You are not alone in feeling pained by this unusual disorder. Many people who suffer from trimethylaminuria, known colloquially as "fish malodor syndrome," also suffer from depression as a result of disruptions trimethylaminuria can cause to social life, relationships, or career. It may be beneficial to seek counseling to learn ways of dealing with feelings of social isolation and embarrassment this genetic condition can sometimes trigger.

Trimethylaminuria is an uncommon genetic disorder (currently there are about two hundred cases of the condition reported world-wide) in which the body can't break down trimethylamine, a naturally occurring dietary compound. The condition is related to mutations in the FMO3 gene, which normally produces an enzyme that converts fishy-smelling trimethylamine into an odorless molecule. But when the FMO3 gene isn't working properly and trimethylamine is not processed, it can accumulate and cause the body, breath, sweat, and urine to smell strongly like fish.

Trimethylaminuria seems to be more common in women than in men. Some scientists chalk this up to female sex hormones like progesterone and/or estrogen — several reports suggest that the condition worsens around puberty, before and during menstrual periods, and after taking oral contraceptives; all times when female hormones are high. Researchers also believe that stress and diet can play a role in triggering symptoms. To help decrease the symptoms of trimethylaminuria, you may want to try:

Avoiding foods containing trimethylamine and its precursors like:
Milk obtained from wheat-fed cows
Eggs
Liver
Kidney
Peas
Beans
Peanuts
Soy products
Brassicas (brussel sprouts, broccoli, cabbage, and cauliflower)
Lecithin and lecithin-containing fish oil supplements
Seafood (Freshwater fish have lower levels of trimethylamine N-oxide)
Taking low doses of antibiotics to reduce the amount of bacteria like trimethylamine in the gut
Taking activated charcoal or other supplements to decrease the concentration of free trimethylamine in the urine
Using body soaps with a moderate pH, between 5.5 and 6.5
Taking riboflavin (vitamin B2) supplements to enhance FMO3 enzyme activity. Recommended intake is 30 to 40mg taken 3 to 5 times per day with food.
Avoiding factors that promote sweating, such as exercise, stress, and emotional upsets.

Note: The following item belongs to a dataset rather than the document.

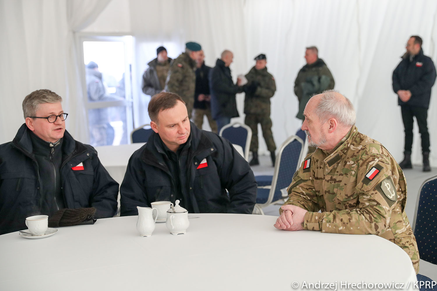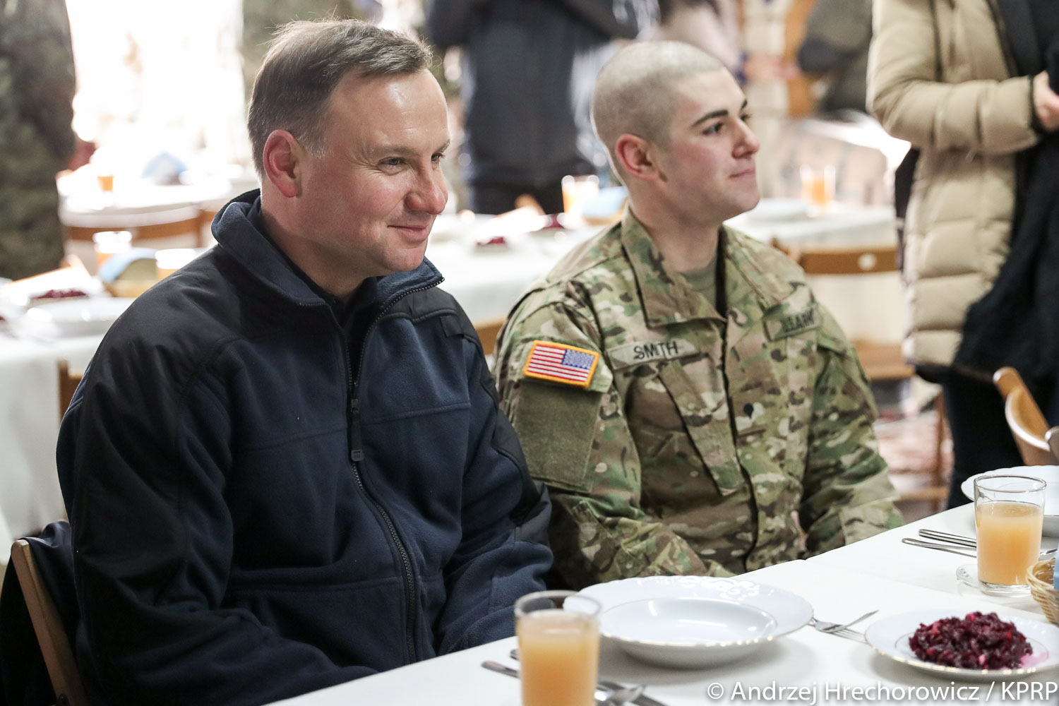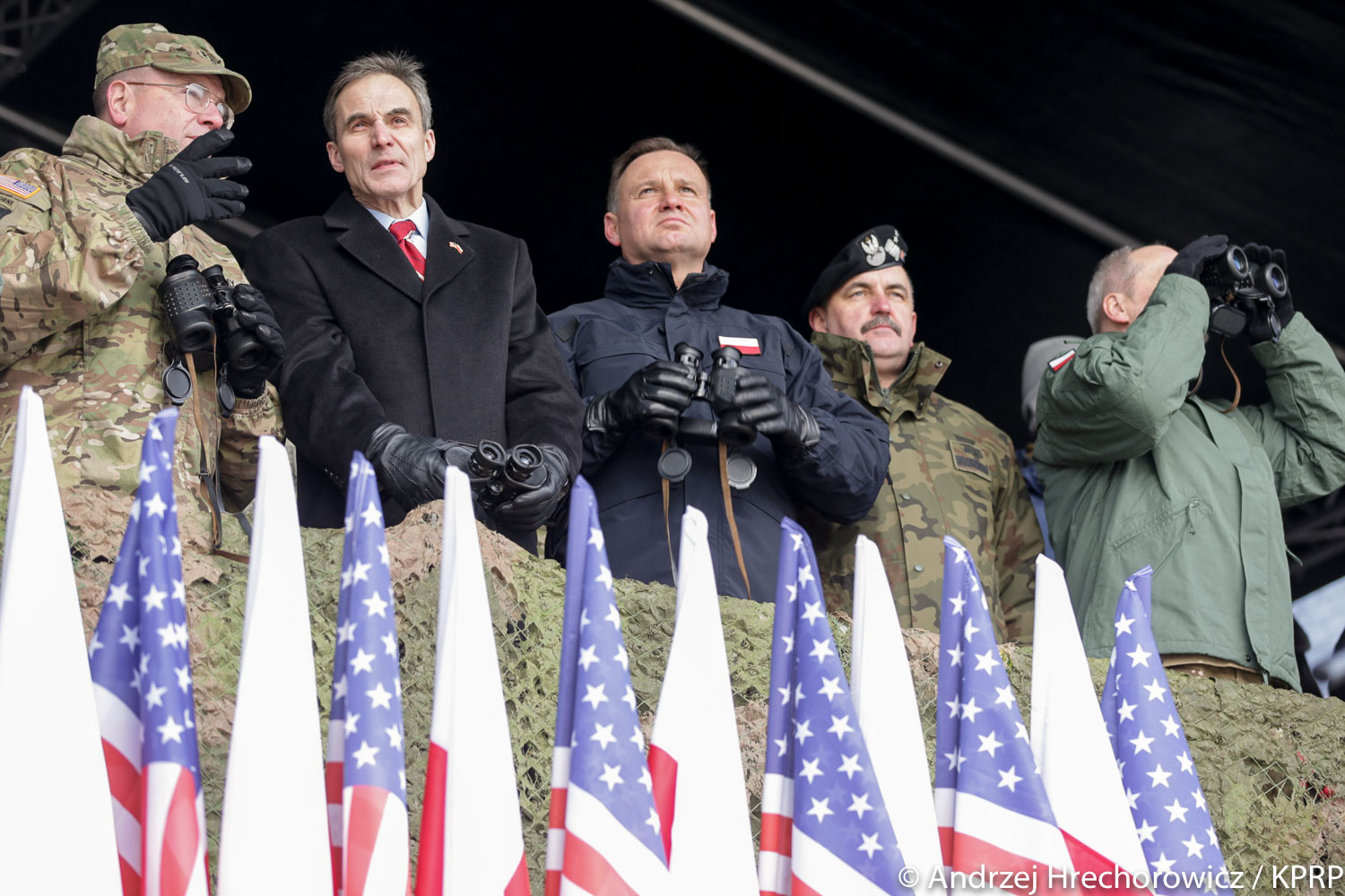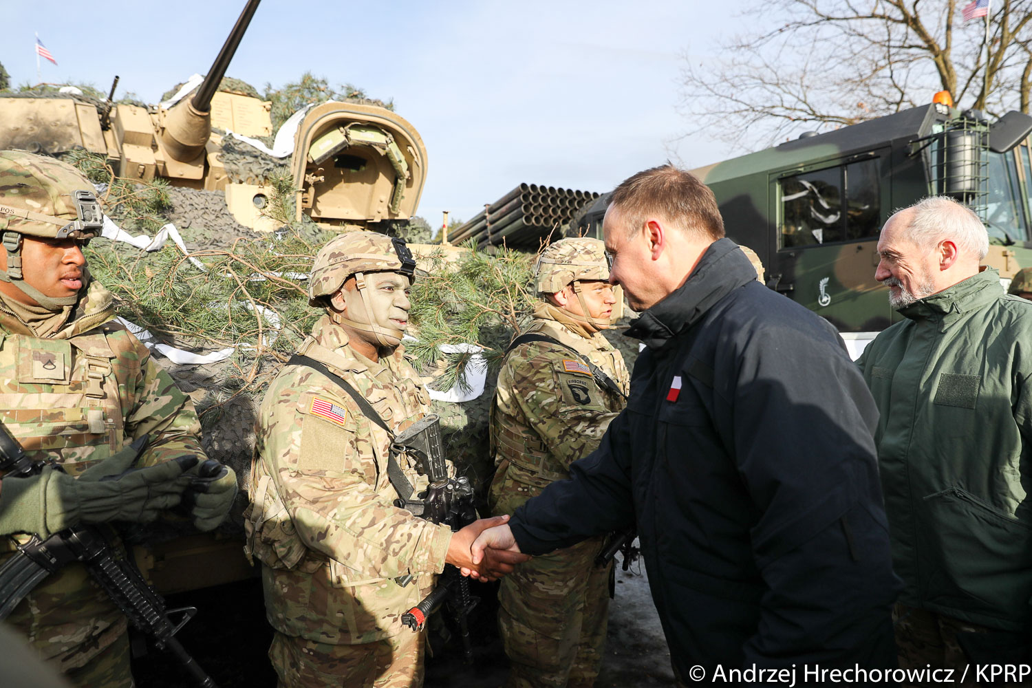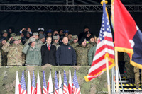 W uroczystości uczestniczyli też minister obrony Antoni Macierewicz, ambasador Stanów Zjednoczonych Paul Jones, zastępca dowódcy wojsk USA w Europie gen. broni Timothy Ray i dowódca wojsk lądowych USA w Europie gen. broni Ben Hodges. Prezydentowi towarzyszył szef Biura Bezpieczeństwa Narodowego minister Paweł Soloch.

Although the condition is caused largely by a missing enzyme, at this time replacement therapy for FMO3 is not an option. While the above suggestions may help some, it is important that people with trimethylamuinuria develop a treatment plan with their primary health care providers rather than trying to treat themselves. Mixing medications and supplements can have undesirable results, and dietary restrictions can result in nutritional deficits. It's especially important for pregnant and breast-feeding women to consult with their health care providers before restricting their diets to temper the effects of trimethylamuinuria.